======== Source material
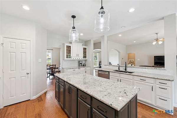 - All Bedrooms Down, Breakfast Bar, Built In Features, Ceiling Fans, Custom Cabinets, Granite Counters, Home Office, Kitchen Family Room Combo, Kitchen Island, Open Floorplan, Pantry, Solid Surface Counters, Walk In Closets
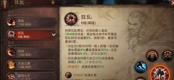 普攻狂乱主副手增幅,大家不要小看普攻,在旋风击冷却的时候普攻也是补伤害的重要手段
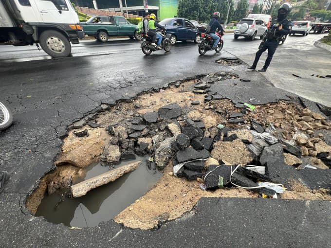 Según la información obtenida en el lugar, ocurrió un hundimiento de la cinta asfáltica como consecuencia del colapso de la línea de drenajes en el sector.
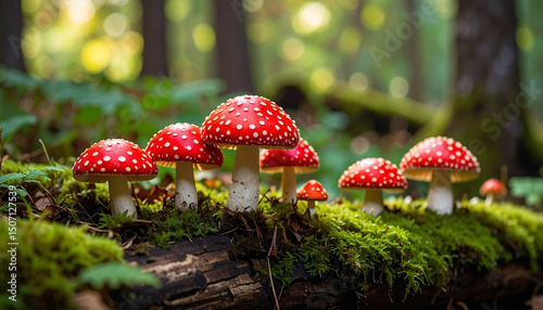 Mushrooms with red caps, green moss in forest. Natural scenery.
================
■ Directions for this task: Please transcribe each line above exactly, but leave the images out.

■ Response to this exercise:
 - All Bedrooms Down, Breakfast Bar, Built In Features, Ceiling Fans, Custom Cabinets, Granite Counters, Home Office, Kitchen Family Room Combo, Kitchen Island, Open Floorplan, Pantry, Solid Surface Counters, Walk In Closets
 普攻狂乱主副手增幅,大家不要小看普攻,在旋风击冷却的时候普攻也是补伤害的重要手段
 Según la información obtenida en el lugar, ocurrió un hundimiento de la cinta asfáltica como consecuencia del colapso de la línea de drenajes en el sector.
 Mushrooms with red caps, green moss in forest. Natural scenery.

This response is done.